(Work required) Each line from the one containing "チラージンS錠の用法が「朝食" to the end of the material below is to be restated exactly, with pictures skipped.

(Material for this exercise)
____

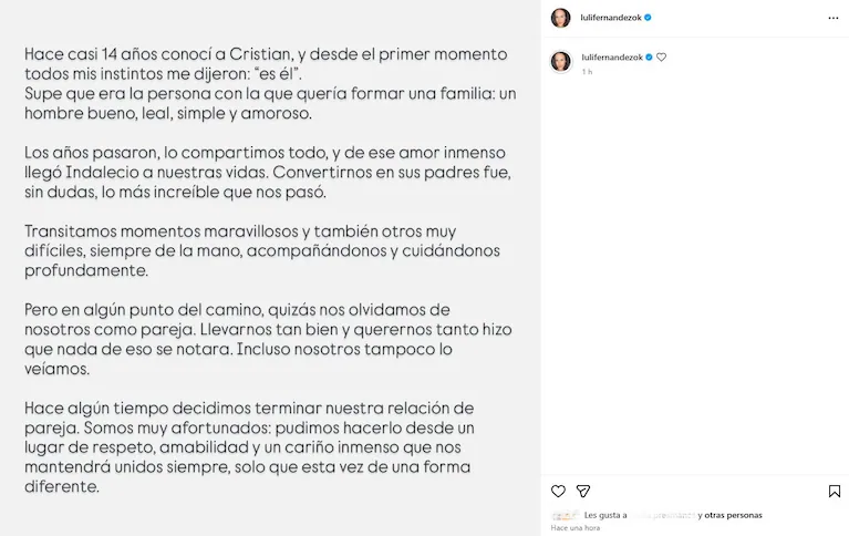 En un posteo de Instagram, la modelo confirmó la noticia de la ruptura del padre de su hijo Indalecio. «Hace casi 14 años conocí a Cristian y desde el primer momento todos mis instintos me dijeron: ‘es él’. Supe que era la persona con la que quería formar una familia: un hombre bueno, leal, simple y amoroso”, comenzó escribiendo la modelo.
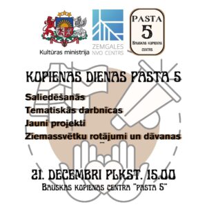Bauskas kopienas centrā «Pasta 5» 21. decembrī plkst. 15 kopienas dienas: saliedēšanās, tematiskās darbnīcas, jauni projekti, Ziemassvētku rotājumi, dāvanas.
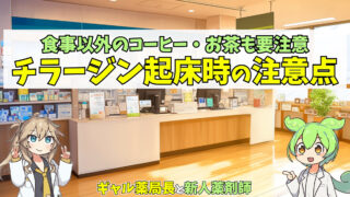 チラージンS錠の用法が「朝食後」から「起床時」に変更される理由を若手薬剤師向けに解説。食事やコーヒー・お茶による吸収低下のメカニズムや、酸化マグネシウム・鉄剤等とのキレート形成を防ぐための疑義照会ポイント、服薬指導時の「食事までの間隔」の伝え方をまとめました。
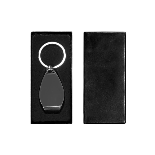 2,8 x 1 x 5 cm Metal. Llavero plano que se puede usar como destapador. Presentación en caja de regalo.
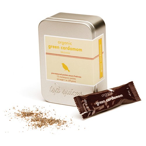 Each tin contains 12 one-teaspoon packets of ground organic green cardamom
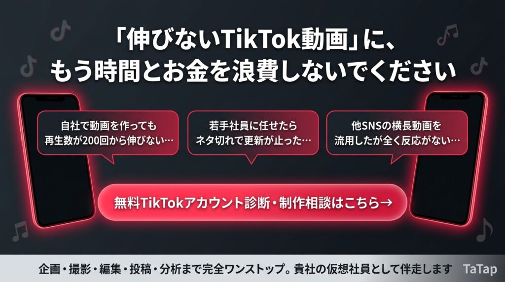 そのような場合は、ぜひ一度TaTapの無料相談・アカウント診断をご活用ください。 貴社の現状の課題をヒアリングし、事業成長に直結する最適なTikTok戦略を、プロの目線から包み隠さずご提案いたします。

____

(Solution for this exercise)
 チラージンS錠の用法が「朝食後」から「起床時」に変更される理由を若手薬剤師向けに解説。食事やコーヒー・お茶による吸収低下のメカニズムや、酸化マグネシウム・鉄剤等とのキレート形成を防ぐための疑義照会ポイント、服薬指導時の「食事までの間隔」の伝え方をまとめました。
 2,8 x 1 x 5 cm Metal. Llavero plano que se puede usar como destapador. Presentación en caja de regalo.
 Each tin contains 12 one-teaspoon packets of ground organic green cardamom
 そのような場合は、ぜひ一度TaTapの無料相談・アカウント診断をご活用ください。 貴社の現状の課題をヒアリングし、事業成長に直結する最適なTikTok戦略を、プロの目線から包み隠さずご提案いたします。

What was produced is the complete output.